● Data for processing:
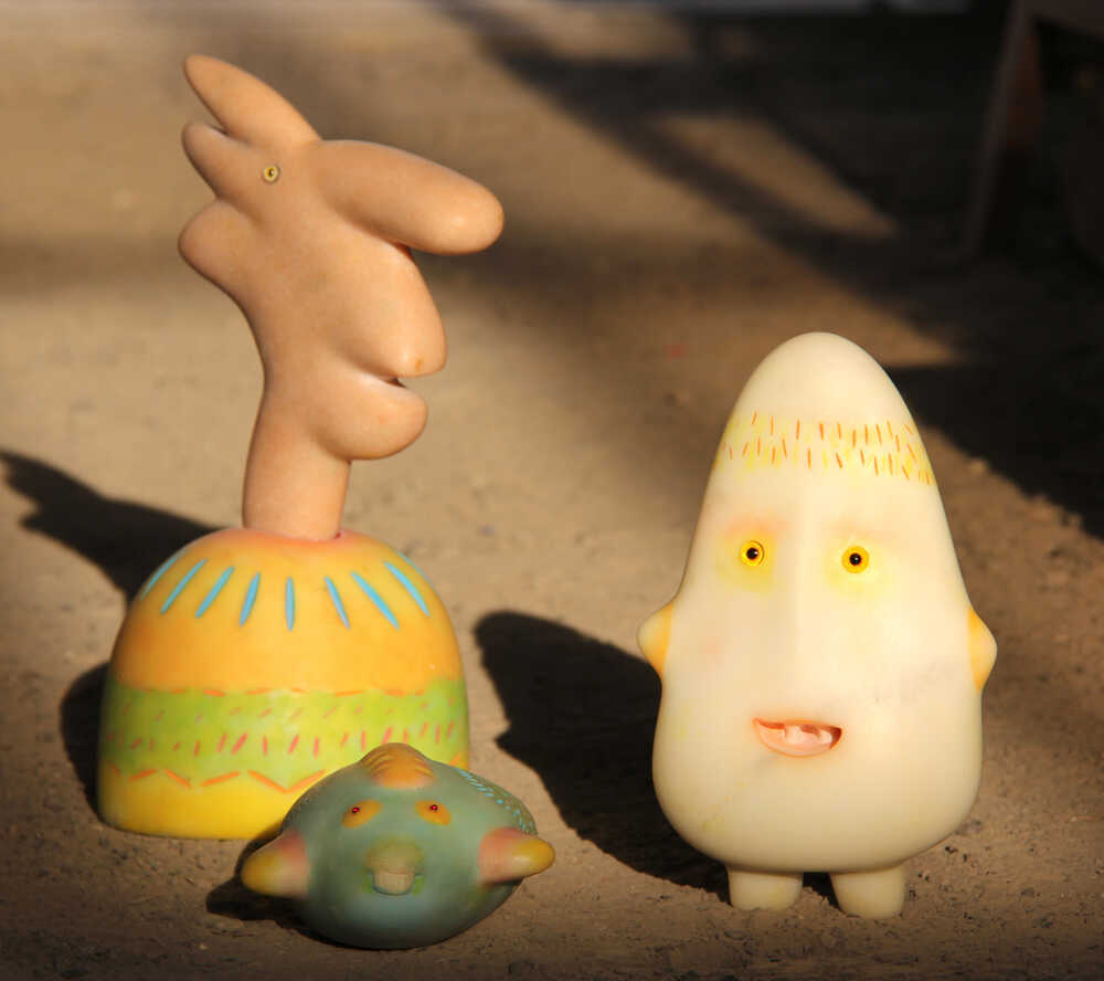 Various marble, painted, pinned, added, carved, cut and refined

...

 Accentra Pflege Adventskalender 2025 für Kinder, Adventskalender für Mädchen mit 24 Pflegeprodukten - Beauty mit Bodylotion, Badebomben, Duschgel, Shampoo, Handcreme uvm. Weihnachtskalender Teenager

---

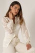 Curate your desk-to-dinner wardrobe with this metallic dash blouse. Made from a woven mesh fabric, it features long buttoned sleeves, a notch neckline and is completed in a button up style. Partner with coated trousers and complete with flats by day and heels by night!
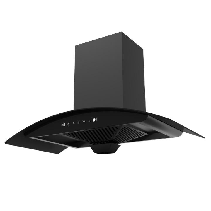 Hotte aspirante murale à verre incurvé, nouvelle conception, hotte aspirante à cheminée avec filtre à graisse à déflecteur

● Work task: Above are the records; restate exactly the lines from the one containing "Curate your desk-to-dinner" through the one containing "Hotte aspirante murale", keeping pictures out.

● Output of the exercise:
 Curate your desk-to-dinner wardrobe with this metallic dash blouse. Made from a woven mesh fabric, it features long buttoned sleeves, a notch neckline and is completed in a button up style. Partner with coated trousers and complete with flats by day and heels by night!
 Hotte aspirante murale à verre incurvé, nouvelle conception, hotte aspirante à cheminée avec filtre à graisse à déflecteur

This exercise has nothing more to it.